Hearing him say it a second time didn’t clear anything up for me.
His cool gaze cut in my direction. “Did you mention anything about the blood bond to him?”
I shifted my thoughts back to Aaric’s attack, and shook my head. “No, but I didn’t have to. The moment I told him I’d been bitten by monarchs, he just sort of … figured it out,” I shared.
There was a grave look within Levi’s gaze and it made my heart sink. It was a mixture of the rage I already noted, but also empathy. I guessed the latter was for me.
“So … he initiated a bond,” I choked out, unable to fathom being linked to that man.
Levi took my hand when I peered up, and his compassion was more apparent now.
“Under different circumstances, I would assume it stopped there, but … take a look around,” he suggested. “This is no ordinary asylum.

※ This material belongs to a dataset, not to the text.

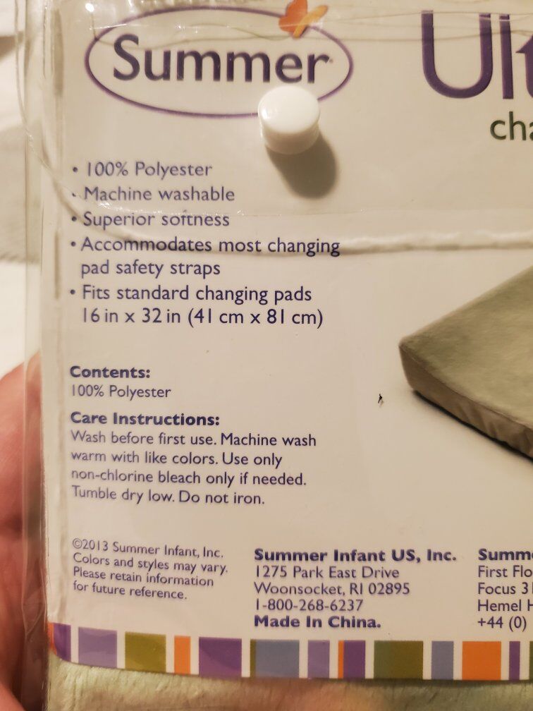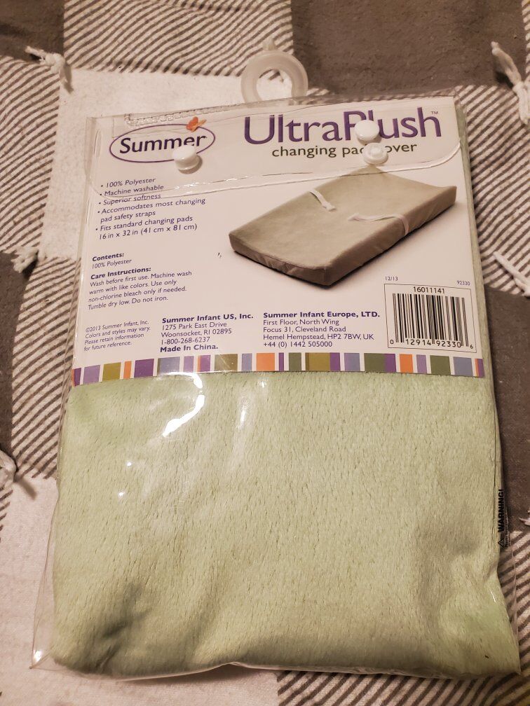 New Summer Infant Ultra Plush changing pad cover. 100% Polyester Made from super-soft velboa fabric Fits most standard changing pads up to 16 in x 32 in (41 cm x 81 cm) Machine washable and stain resistant Features an elastic bottom for a snug fit and buckle strap holes for safety straps

So, considering where we are—inside the epicenter of Dr. Percival’s experimentation—we have to assume a good amount of his work still exists here somewhere.”
Only, I didn’t need to assume. I’d seen it with my own two eyes. For a moment, I was back in Aaric’s lair, remembering the artifacts Dr. Percival had left behind. There was practically a complete collection of the madman’s writings, and Aaric made it clear he’d gone so far as to study a great deal of it.
“It’s possible this guy is just as knowledgeable about the blood bond as we are. Heck, maybe more knowledgeable.” His gaze toward me warmed, and I knew he hated being the bearer of bad news. “Which means, it’s possible he might have—”
“He might’ve completed the entire Claiming ceremony,” I blurted, finishing Levi’s thought.
Now I understood. It made sense that this strange mix of unidentified thoughts and emotions I awakened with left me feeling undone. They felt foreign to me because they weren’t my own.
They were Aaric’s.
“But why would he do that? What does he stand to gain from—”
“We’ll figure it out,” Levi promised.
Our cell grew silent and cold. Had this been what Aaric meant when he called our meeting one another ‘fate’? The audacity it took for him to force this on me was inconceivable. The ceremony was such an emotionally intimate act. In essence, it was a pact between the two who partook, agreeing to accept a small part of that individual’s likeness. It served to link the two in ways no other commitment or pledge could enforce.